4. Feeding and Fasting Transition: During the fasting state, which hormone stimulates gluconeogenesis in the liver?

   • a. Insulin

   • b. Glucagon

   • c. Epinephrine

   • d. Cortisol

5. Pentose Phosphate Pathway: What is the primary product of the oxidative phase of the pentose phosphate pathway?

6. Exercise and Metabolism. During exercise, glucose utilization in muscles increases due to:

   • a.
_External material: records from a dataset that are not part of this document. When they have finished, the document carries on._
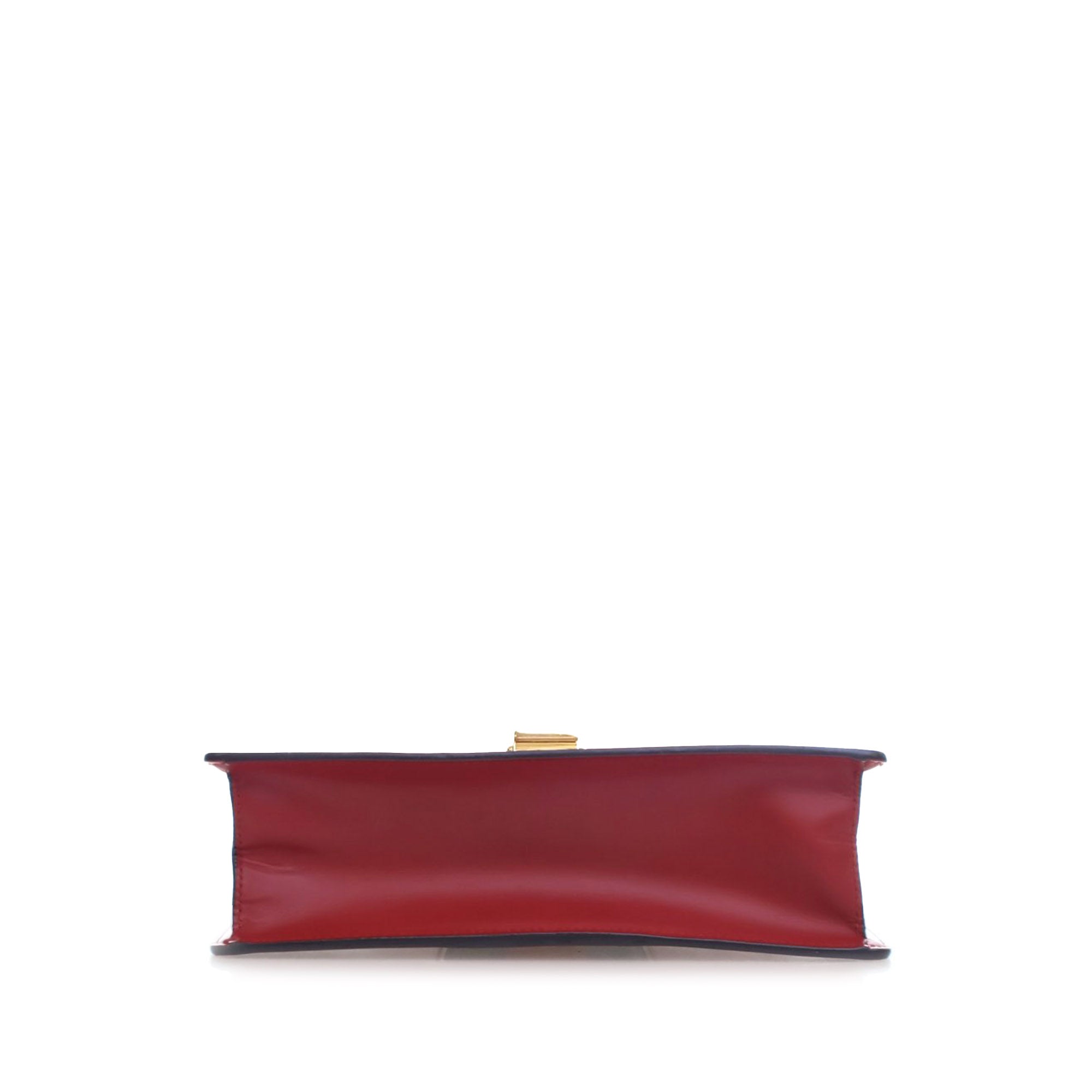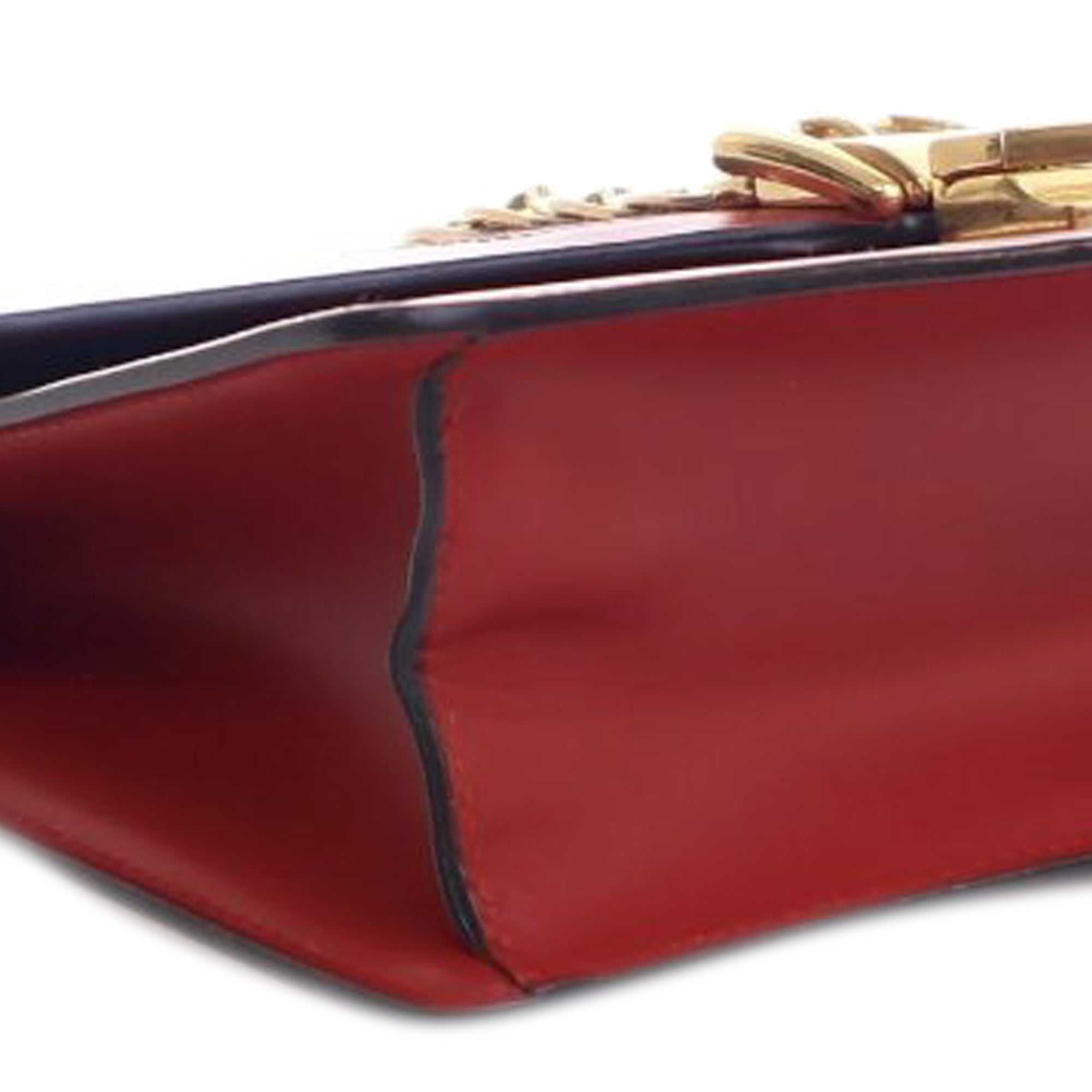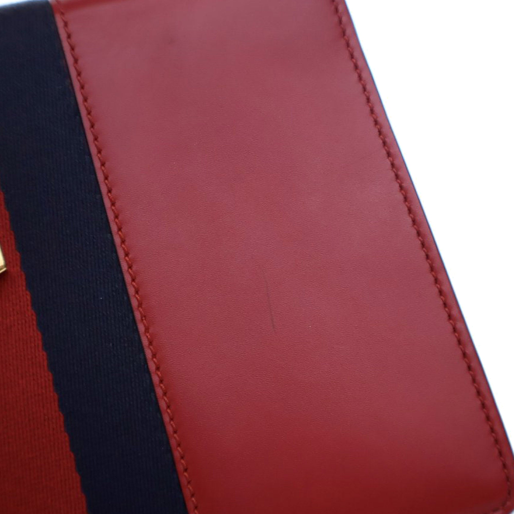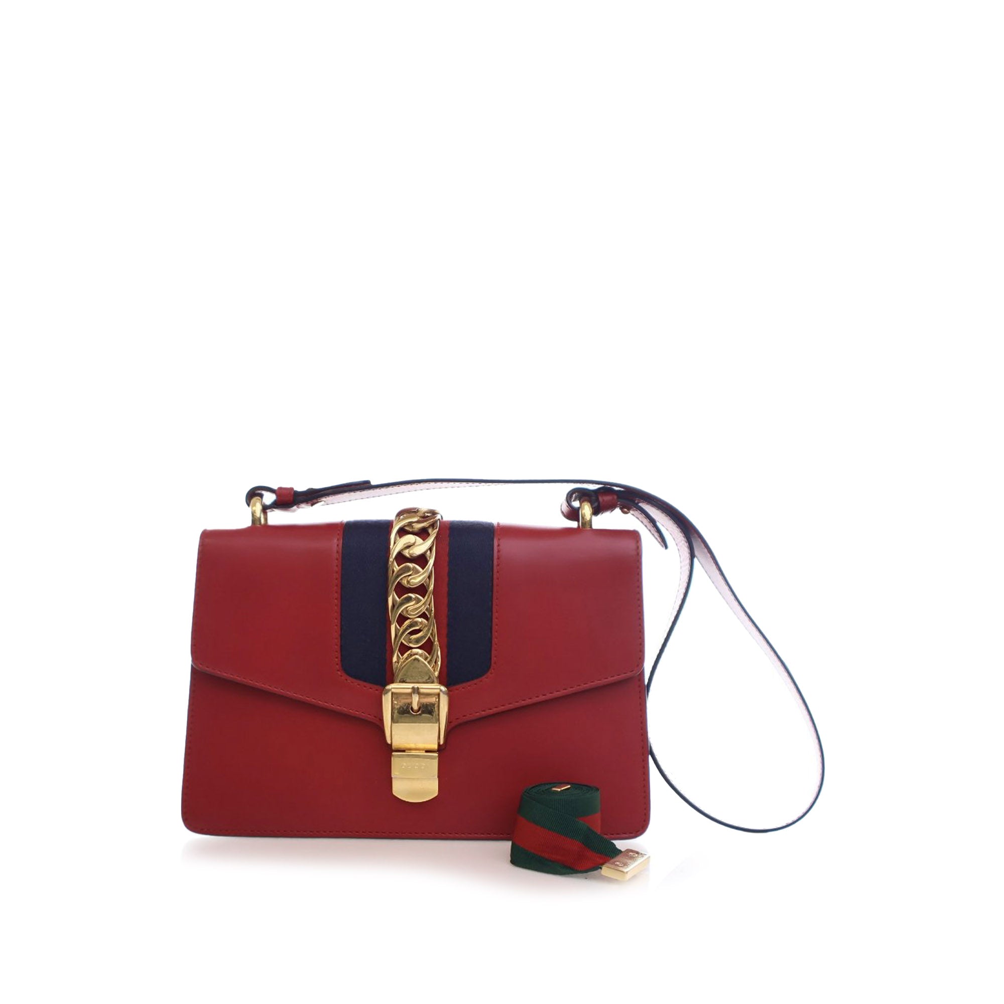 The Sylvie shoulder bag features a leather body, a web trim, a flat leather strap, detachable flat web ribbon strap, a front flap with a metal closure, and interior zip and slip pockets. Retail Price: 1786.00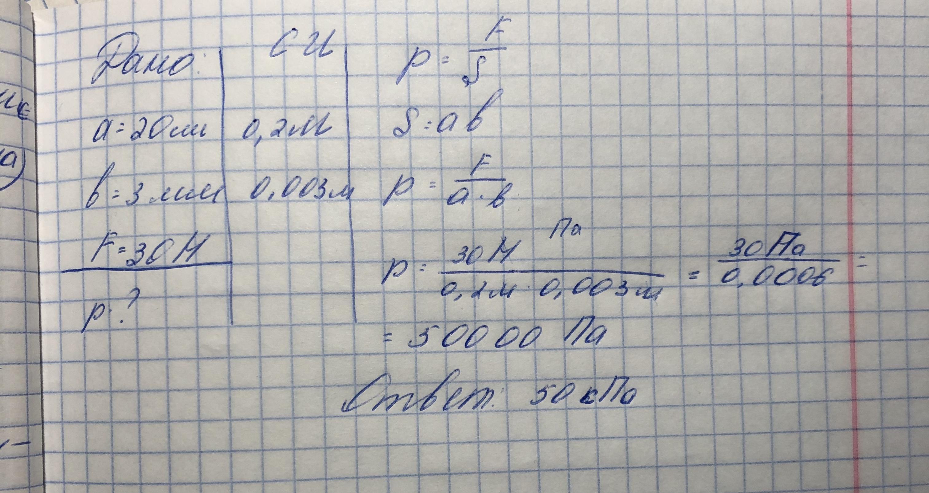 Ширина лезвия лопаты 20см,толщина 3 мм.Человек нажимает на лопату с силой 30Н.Определите давление лопаты на почву.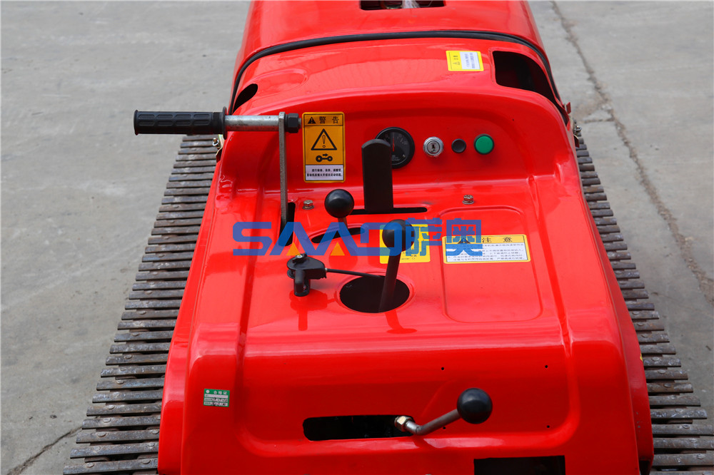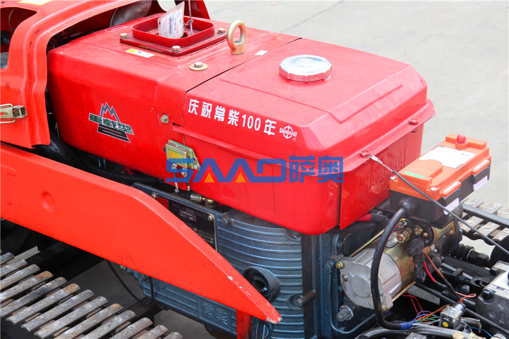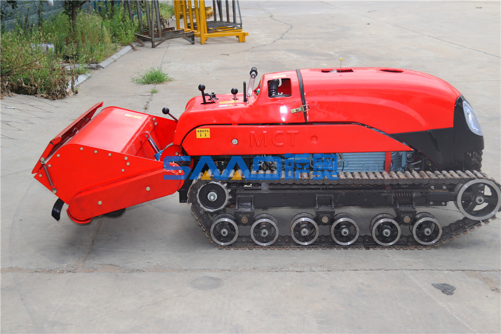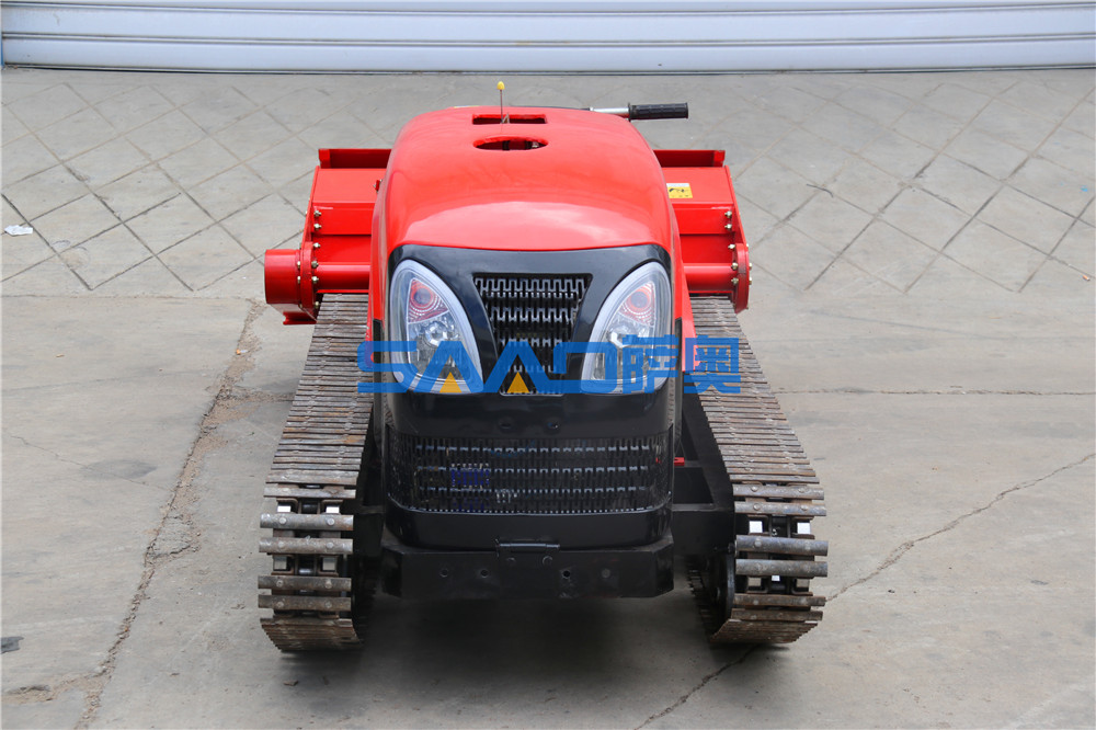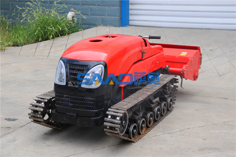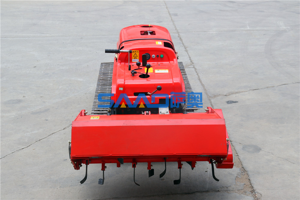 遙控履帶自走式旋耕機是在機械操縱的基礎上,采用先進的電子集成控制系統(tǒng)和液壓系統(tǒng)相結合,改進設計為機械、遙控兩套操縱系統(tǒng)??梢噪S機操縱,也可以人機分離、遙控操縱。使履帶自走式旋耕機實現(xiàn)了手、自一體化操作,從而大大降低了操作人員的勞動強度,更大程度上保證了操作人員的人身安全。

Increased levels of glucagon

   • b. Elevated levels of AMP

   • c. Decreased intracellular calcium

   • d. Suppressed glycolysis

7. Galactose Metabolism. Which organ is primarily responsible for metabolizing galactose?

Lipid Metabolism

Learning Objectives

1. Differentiate between endogenous and exogenous lipid pathways and explain lipid absorption in the small intestine.

2. Trace the role of chylomicrons and the lymphatic system in lipid transport.

3. Summarize the steps of fatty acid oxidation, including activation, transport, and beta-oxidation.

4. Explain the synthesis and role of ketone bodies as energy sources during fasting.

5. Outline the key steps in fatty acid synthesis and the role of regulation.

6. Relate lipid metabolism to health issues such as ketosis and metabolic disorders.

Lipid Metabolism

• Two routes of lipid assimilation in mammals:

  1. Endogenous:

     • Biosynthesis of fatty acids from excess dietary carbohydrates and proteins.

  2. Exogenous:

     • From dietary lipids.

• Chyme is produced when food enters the stomach, and organ muscles produce a liquefied suspension.

• Chyme mixes with bile in the small intestine.

  • Emulsification occurs when bile mixes with lipids to form smaller lipid droplets.